Figure 3 Overexpression of Cav2.2 is associated with the onset and progression of NP. (A) Trends in mechanical pain sensitization induced by CCI and Cav2.2 agonists over time. *P < 0.05, CCI vs Sham groups. ^#P < 0.05, Sham+Cav2.2 agonist vs Sham groups. (B) Trends in CCI and Cav2.2 agonist-induced thermal pain sensitization over time. *P < 0.05, CCI vs Sham groups. ^#P < 0.05, Sham+Cav2.2 agonist vs Sham groups. n = 10 rats/per group. (C) Western Blot analysis showing the influence of CCI and Cav2.2 agonists on Cav2.2 levels in the spinal cord. *P < 0.05, CCI vs Sham groups. ⁺P < 0.05, Sham+Cav2.2 agonist vs Sham groups. n = 6 rats/per group.

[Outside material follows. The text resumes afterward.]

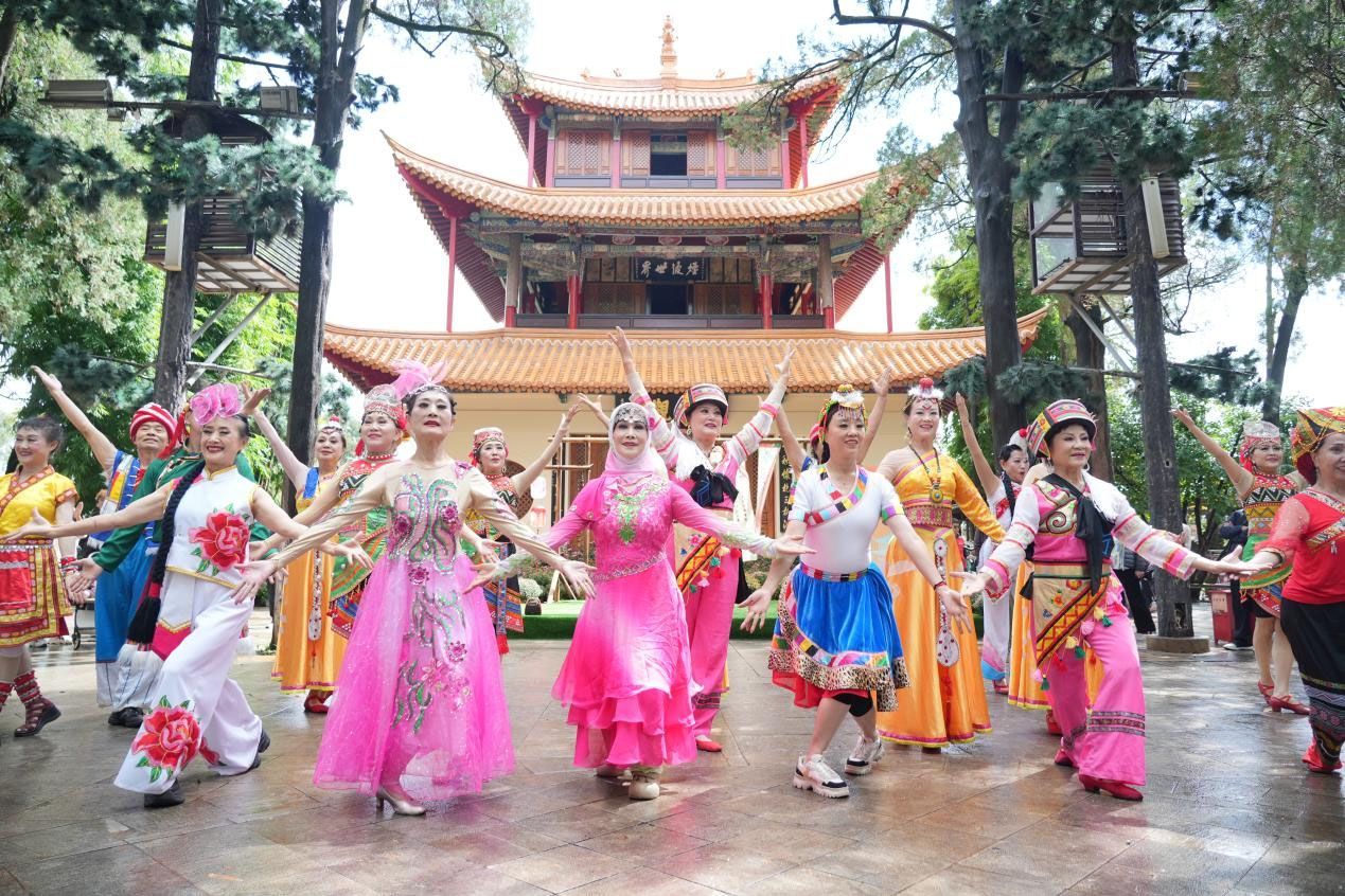 10月3日,昆明文庙百余名舞者随着悠扬的乐曲翩跹起舞。这场由昆明市文化和旅游局主办的群众广场舞展演,不仅是一场精彩纷呈的文化视觉盛宴,更是文旅志愿者风采的一次生动集中展示。在西山睡美人文化艺术节、呈贡花卉文旅活动、五华城市咖啡生活季、官渡古渡渔灯文化节等遍布全市的文旅活动中,志愿者的身影同样闪耀,成为活动中不可或缺的重要力量。与此同时,昆明市各区合力形成文旅志愿服务网络,成效显著。根据人流适时增设志愿服务点位,数千人次参与志愿服务,服务时长累计上万小时。如昆明市图书馆精心组织了15个内容丰富、形式多样的展览活动,惠及人次累计达5.168万人次。

Figure 4 Changes in Cav2.2 immunofluorescence intensity and SP and Glu levels in the spinal cord after CCI and Cav2.2 agonist treatment. (A) Immunofluorescence in the dorsal horn of the spinal cord. The red rectangle indicates Cav2.2 expression. (B) and (C) Representative images of Cav2.2 (green) and DAPI (blue) fluorescence. Scale bars = 100 μm; n = 6 rats/per group. *P < 0.05, CCI vs Sham groups. ^#P < 0.05, Sham+Cav2.2 agonist vs Sham groups. (D) Western blotting showing effects of CCI and Cav2.2 agonists on SP expression in the spinal cord; n = 6 rats/per group. *P < 0.05, CCI vs Sham groups. ^#P < 0.05, Sham+Cav2.2 agonist vs Sham groups. (E) Glutamate levels in the spinal cord; n = 6 rats/per group. *P < 0.05, CCI vs Sham groups. ^#P < 0.05, Sham+Cav2.2 agonist vs Sham groups.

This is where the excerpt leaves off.